Jon M. Foster was appointed Executive Vice President and Chief Operating Officer effective January 1, 2023. Prior to that time, he served as President — American Group from January 2013 to December 2022, President — Southwest Group from February 2011 to January 2013 and Division President for the Central and West Texas Division from January 2006 to February 2011. Mr. Foster joined HCA in March 2001 as President and CEO of St. David’s HealthCare in Austin, Texas and served in that position until February 2011. Prior to joining the Company, Mr. Foster served in various executive capacities within the Baptist Health System in Knoxville, Tennessee and The Methodist Hospital System in Houston, Texas.

Michael A. Marks was appointed Executive Vice President and Chief Financial Officer, effective May 1, 2024. He previously served as Senior Vice President — Finance from January 2023 through April 2024. Mr. Marks served as Vice President — Financial Operations Support from March 2021 through December 2022. Prior to that time, he served as CFO of the National Group from December 2008 to February 2021 and CFO of the West Florida Division from July 2004 to November 2008. Mr. Marks joined HCA Healthcare in 1996.

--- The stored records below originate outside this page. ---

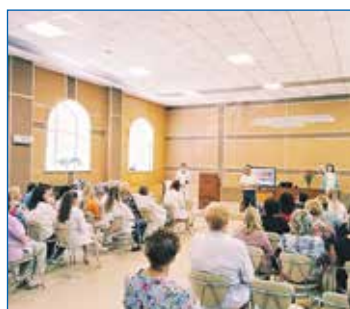
Поздравление с Днём медика, ДГКБ № 6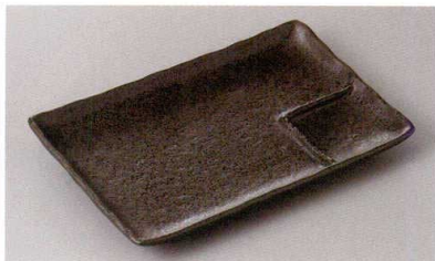
267-12-35H 1,100円 黒水晶仕切付焼物皿 22.3×14.4×2.5cm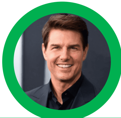
NAMA KETUA PENOLONG PENGARAH DV48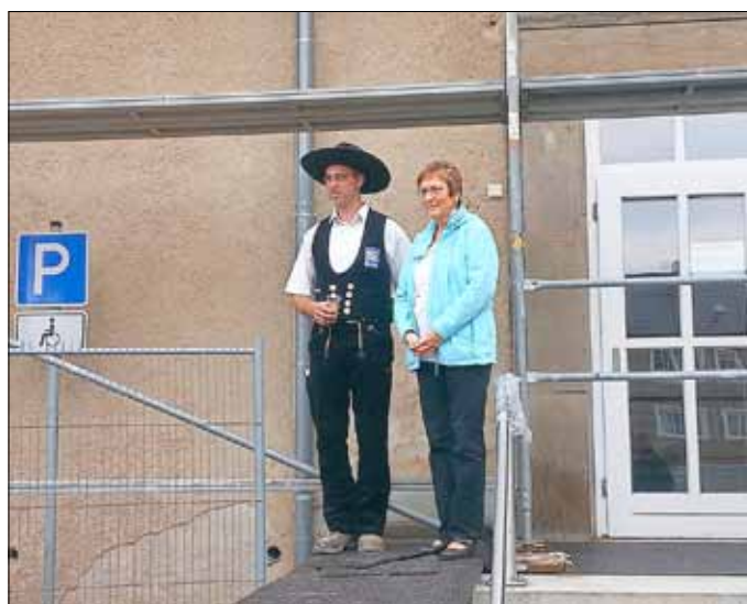
An der Multifunktionalen Halle des Grundschulzentrums konnte kürzlich Richtfest gefeiert werden.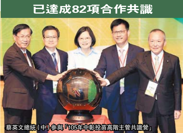
已達成82項合作共識

中彰投苗首長是在今年第一次會議中，決議共同籌辦「中彰投苗高階主管共識營」，由彰化縣政府主辦；共識營計畫從總統與地方首長的對談、區域治理專題探討，及各縣市標竿學習交流，逐步凝聚共識與合作。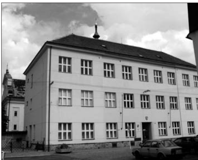
Základní škola Komenského ulice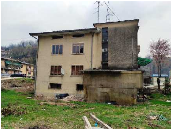
Vista lato ovest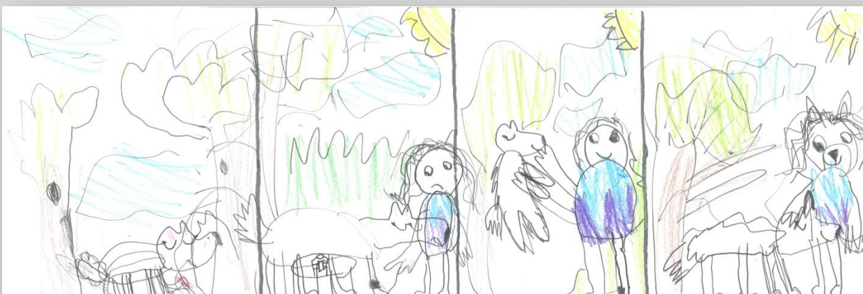
Slika 7: „Da sam Ja super-heroj”, devojčica, 6 godina, Predškolska ustanova „Dragoljub Udicki”, Kikinda, vrtić Plavi čuperak”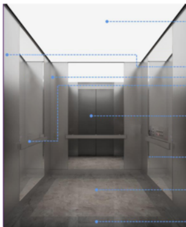
电梯轿厢方案——无障碍电梯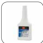
Toro snøfreser olje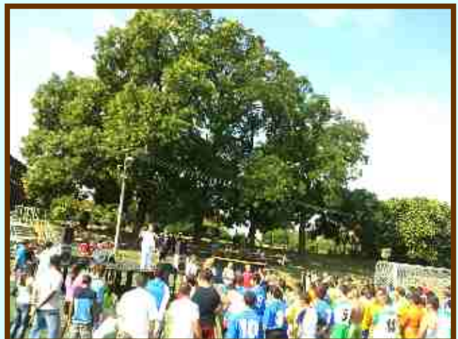
Térségi roma sportnap

Önkormányzati Híradó - Tápiószele Város Önkormányzatának lapja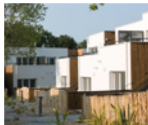
LOGEMENTS Le domaine de Sainte Marguerite PORNICHET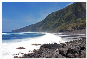
Praia do Norte Praia do Norte beach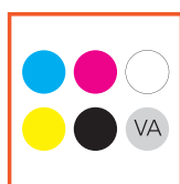
CMYK, Clear & White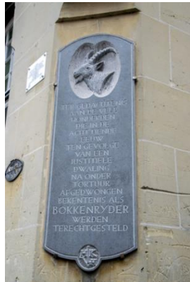
Figuur 3: Plaquette Bokkenrijders in Valkenburg

De identiteit verschaffende functie past goed bij de Bokkenrijders.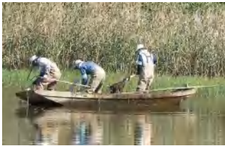
10月中旬から藻狩りと一緒に収穫。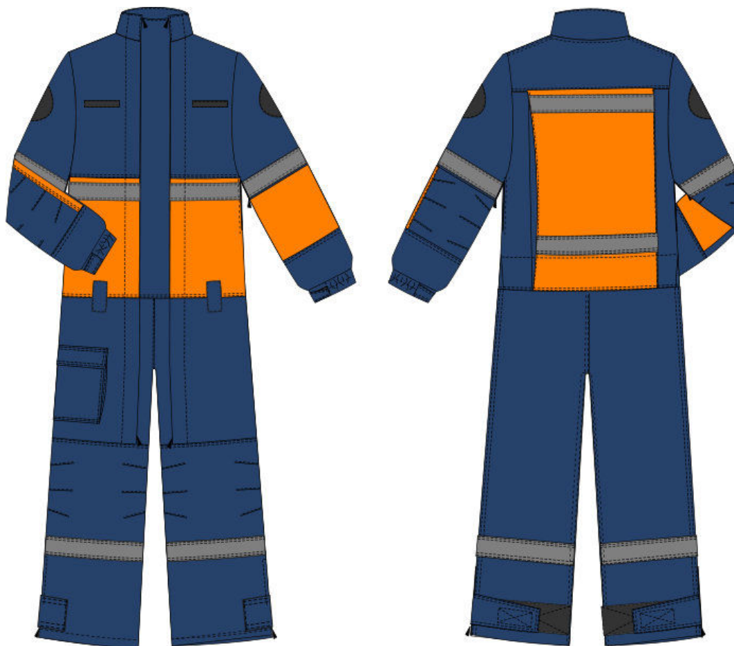
Рис1. Загальний вигляд захисного комбінезона для ведення аварійно-рятувальних робіт

Нами запропоновано дизайн-ергономічне рішення захисного комбінезону для ведення аварійно-рятувальних робіт в цивільній авіації, яке представлено на рисунку 1. Його конструкція враховує вплив небезпечних та шкідливих факторів виробничого середовища, є ергономічною та естетично доцільною.

Michael R. McAlevey was appointed Executive Vice President — Chief Legal and Administrative Officer of the Company, effective April 1, 2024. Mr. McAlevey previously served as Senior Vice President and Chief Legal Officer from January 2022 through March 2024. Prior to joining HCA, Mr. McAlevey served in senior legal and executive roles at General Electric, most recently as Vice President, General Counsel and Business Development Leader for GE Healthcare since 2018. Prior to that, he served as General Counsel and Business Development Leader for GE Aerospace from 2011 to 2018 and Chief Corporate, Securities and Finance Counsel for GE from 2003 to 2011. Before joining GE, Mr. McAlevey served as Deputy Director of the United States Securities and Exchange Commission’s Division of Corporation Finance from 1998 to 2002.

Erica L. Rossitto was appointed Senior Vice President and Chief Nurse Executive, effective February 1, 2026. She previously served as Senior Vice President and Assistant Chief Nurse Executive from December 2023 through January 2026. Prior to that time, Ms. Rossitto served as Vice President and Group Chief Nurse Executive — American Group & Atlantic Group from April 2022 to November 2023 and Vice President and Group Chief Nurse Executive — American Group, Clinical Operations Group from September 2020 to March 2022. Ms. Rossitto joined HCA in 2000 as a nurse at HCA HealthONE Swedish.